PROVIDED RECORDS:
··········

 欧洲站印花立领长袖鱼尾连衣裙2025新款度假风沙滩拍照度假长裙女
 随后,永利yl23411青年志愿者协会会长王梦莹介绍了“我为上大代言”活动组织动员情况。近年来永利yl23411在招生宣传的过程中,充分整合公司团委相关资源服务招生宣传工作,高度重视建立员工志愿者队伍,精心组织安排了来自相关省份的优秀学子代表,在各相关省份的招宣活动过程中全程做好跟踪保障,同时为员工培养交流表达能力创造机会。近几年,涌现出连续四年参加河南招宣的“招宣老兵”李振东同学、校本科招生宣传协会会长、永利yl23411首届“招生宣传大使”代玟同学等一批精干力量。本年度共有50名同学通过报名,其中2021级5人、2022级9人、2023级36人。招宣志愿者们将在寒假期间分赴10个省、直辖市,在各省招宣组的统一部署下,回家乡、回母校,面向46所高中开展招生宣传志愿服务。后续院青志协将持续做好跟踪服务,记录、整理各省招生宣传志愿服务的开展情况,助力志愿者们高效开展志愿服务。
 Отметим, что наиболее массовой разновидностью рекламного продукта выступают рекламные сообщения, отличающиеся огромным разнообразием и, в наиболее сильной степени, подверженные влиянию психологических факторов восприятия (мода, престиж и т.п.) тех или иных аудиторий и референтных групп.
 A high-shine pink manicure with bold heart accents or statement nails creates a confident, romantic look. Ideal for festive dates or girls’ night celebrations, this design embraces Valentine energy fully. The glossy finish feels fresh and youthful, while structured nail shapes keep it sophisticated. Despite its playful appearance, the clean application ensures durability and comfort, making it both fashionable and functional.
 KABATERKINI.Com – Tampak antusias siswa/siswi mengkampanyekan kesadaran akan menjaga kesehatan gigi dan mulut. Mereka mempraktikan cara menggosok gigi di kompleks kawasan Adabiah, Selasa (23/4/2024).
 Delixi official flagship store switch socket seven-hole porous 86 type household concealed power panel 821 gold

··········

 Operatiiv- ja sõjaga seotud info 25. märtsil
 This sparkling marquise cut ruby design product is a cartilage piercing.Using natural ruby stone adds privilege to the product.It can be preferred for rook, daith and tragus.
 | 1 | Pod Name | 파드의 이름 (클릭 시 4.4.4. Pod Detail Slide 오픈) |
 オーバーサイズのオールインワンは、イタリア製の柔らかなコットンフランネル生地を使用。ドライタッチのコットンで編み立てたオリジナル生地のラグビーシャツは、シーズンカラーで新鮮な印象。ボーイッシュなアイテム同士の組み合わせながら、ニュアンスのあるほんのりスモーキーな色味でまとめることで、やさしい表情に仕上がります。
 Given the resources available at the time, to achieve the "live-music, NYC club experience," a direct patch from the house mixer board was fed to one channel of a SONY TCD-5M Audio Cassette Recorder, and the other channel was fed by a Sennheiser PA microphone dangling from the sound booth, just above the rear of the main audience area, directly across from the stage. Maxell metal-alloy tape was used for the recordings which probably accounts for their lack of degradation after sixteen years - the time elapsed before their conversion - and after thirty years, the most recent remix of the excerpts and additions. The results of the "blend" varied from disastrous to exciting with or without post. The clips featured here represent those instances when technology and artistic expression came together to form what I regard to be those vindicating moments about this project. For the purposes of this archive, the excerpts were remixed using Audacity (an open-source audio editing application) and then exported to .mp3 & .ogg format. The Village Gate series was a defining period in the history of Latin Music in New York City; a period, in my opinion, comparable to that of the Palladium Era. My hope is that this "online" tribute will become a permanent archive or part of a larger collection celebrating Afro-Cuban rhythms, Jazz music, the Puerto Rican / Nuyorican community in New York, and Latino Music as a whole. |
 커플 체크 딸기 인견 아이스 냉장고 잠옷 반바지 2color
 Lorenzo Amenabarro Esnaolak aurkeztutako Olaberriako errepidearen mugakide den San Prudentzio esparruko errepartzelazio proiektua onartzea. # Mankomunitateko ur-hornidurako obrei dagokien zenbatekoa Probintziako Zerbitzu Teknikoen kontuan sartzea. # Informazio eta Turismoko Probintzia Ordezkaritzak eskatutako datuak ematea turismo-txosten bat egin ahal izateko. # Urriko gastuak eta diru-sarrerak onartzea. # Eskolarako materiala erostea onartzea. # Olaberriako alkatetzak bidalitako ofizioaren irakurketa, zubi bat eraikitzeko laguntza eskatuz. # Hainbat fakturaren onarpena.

··········

WHAT YOU HAVE TO DO:
Start with the line above that contains "オーバーサイズのオールインワ" and stop after the line that contains "커플 체크 딸기 인견 아이스 냉장고 잠옷 반바지 2color". Output those lines exactly, and only those.

PROBLEM SOLUTION:
 オーバーサイズのオールインワンは、イタリア製の柔らかなコットンフランネル生地を使用。ドライタッチのコットンで編み立てたオリジナル生地のラグビーシャツは、シーズンカラーで新鮮な印象。ボーイッシュなアイテム同士の組み合わせながら、ニュアンスのあるほんのりスモーキーな色味でまとめることで、やさしい表情に仕上がります。
 Given the resources available at the time, to achieve the "live-music, NYC club experience," a direct patch from the house mixer board was fed to one channel of a SONY TCD-5M Audio Cassette Recorder, and the other channel was fed by a Sennheiser PA microphone dangling from the sound booth, just above the rear of the main audience area, directly across from the stage. Maxell metal-alloy tape was used for the recordings which probably accounts for their lack of degradation after sixteen years - the time elapsed before their conversion - and after thirty years, the most recent remix of the excerpts and additions. The results of the "blend" varied from disastrous to exciting with or without post. The clips featured here represent those instances when technology and artistic expression came together to form what I regard to be those vindicating moments about this project. For the purposes of this archive, the excerpts were remixed using Audacity (an open-source audio editing application) and then exported to .mp3 & .ogg format. The Village Gate series was a defining period in the history of Latin Music in New York City; a period, in my opinion, comparable to that of the Palladium Era. My hope is that this "online" tribute will become a permanent archive or part of a larger collection celebrating Afro-Cuban rhythms, Jazz music, the Puerto Rican / Nuyorican community in New York, and Latino Music as a whole. |
 커플 체크 딸기 인견 아이스 냉장고 잠옷 반바지 2color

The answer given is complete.